The national power grid and inter-village roads are not built in the area where 10 hydroelectric plants operate. Local people must install water generators to supply power for their needs.
“I love them because they are treated unfairly here,” Father Giang said, explaining that local authorities charge tourists the equivalent of $3.20 each for entrance fees to the destination, but that the fees are not shared with the villagers who have owned the spectacular terraces for generations.
“We daily work from 5 a.m. to 10 p.m., especially on the weekend when we visit and provide pastoral services for people at local chapels,” he said. They also cook, wash their clothes, clean the chapels and repair water pipes and electric systems by themselves. Locals use plastic pipes to get water from small brooks.
Michael Lo A Lu, a Hmong parishioner, expressed gratitude for Father Giang’s efforts to bring people together, look after people in need and find benefactors to provide food for the community.

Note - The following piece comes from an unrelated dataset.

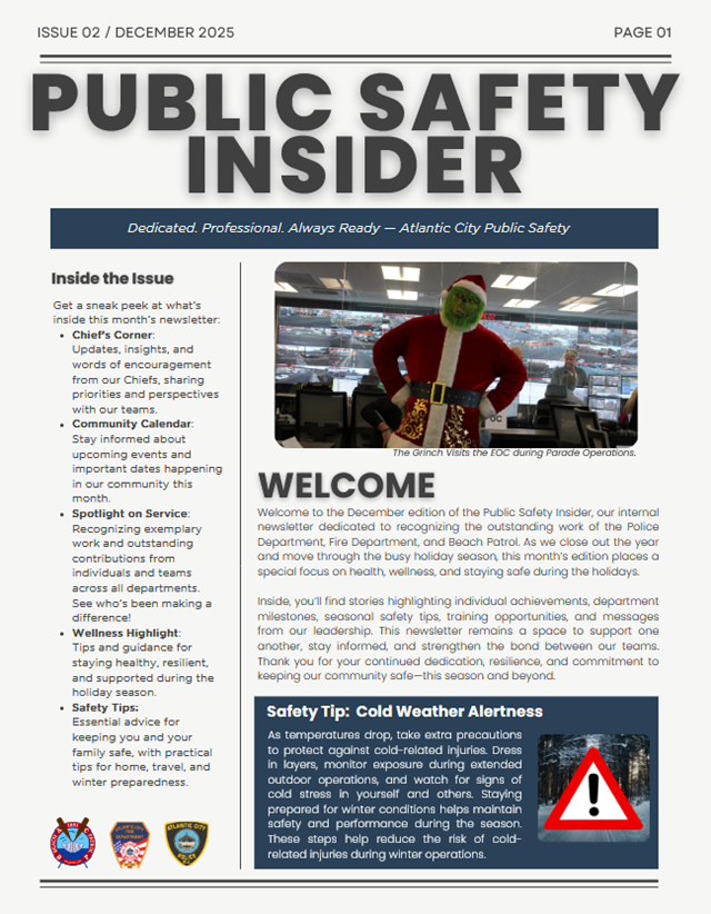 Posted December 22, 2025Atlantic City’s Public Safety agencies continue their new monthly newsletter — The Public Safety Insider.

The priest also helps people to earn an income by inviting Catholic tourists to stay at their homes.
Joseph Sung A Lung, 39, said Father Giang celebrates Mass at his home and encourages people to be true to their faith under any circumstances.
“The priest’s emotional and material support affords us great consolation to overcome daily challenges,” Lung, the father of five, said. “We are proud of our priest, who treats us like his family.”
Father Peter Pham Thanh Binh, Sa Pa Parish priest, said the number of Catholics has increased from 1,000 in 2007 to more than 3,000 today in three parishes and 15 sub-parishes and missions.
Father Binh, 49, baptized 130 Hmong adults and children — a record number — at Hau Thao Parish in August. The Hung Hoa Diocese records some 700 Hmong converts per year.
The priest repaired Sa Pa’s stone church and built Hau Thao church and 10 chapels. A new pastoral center is under construction next to the church.
He said the parish also builds houses for homeless people, covers health care costs for poor patients, pays for funerals and offers free accommodation to hundreds of high school students.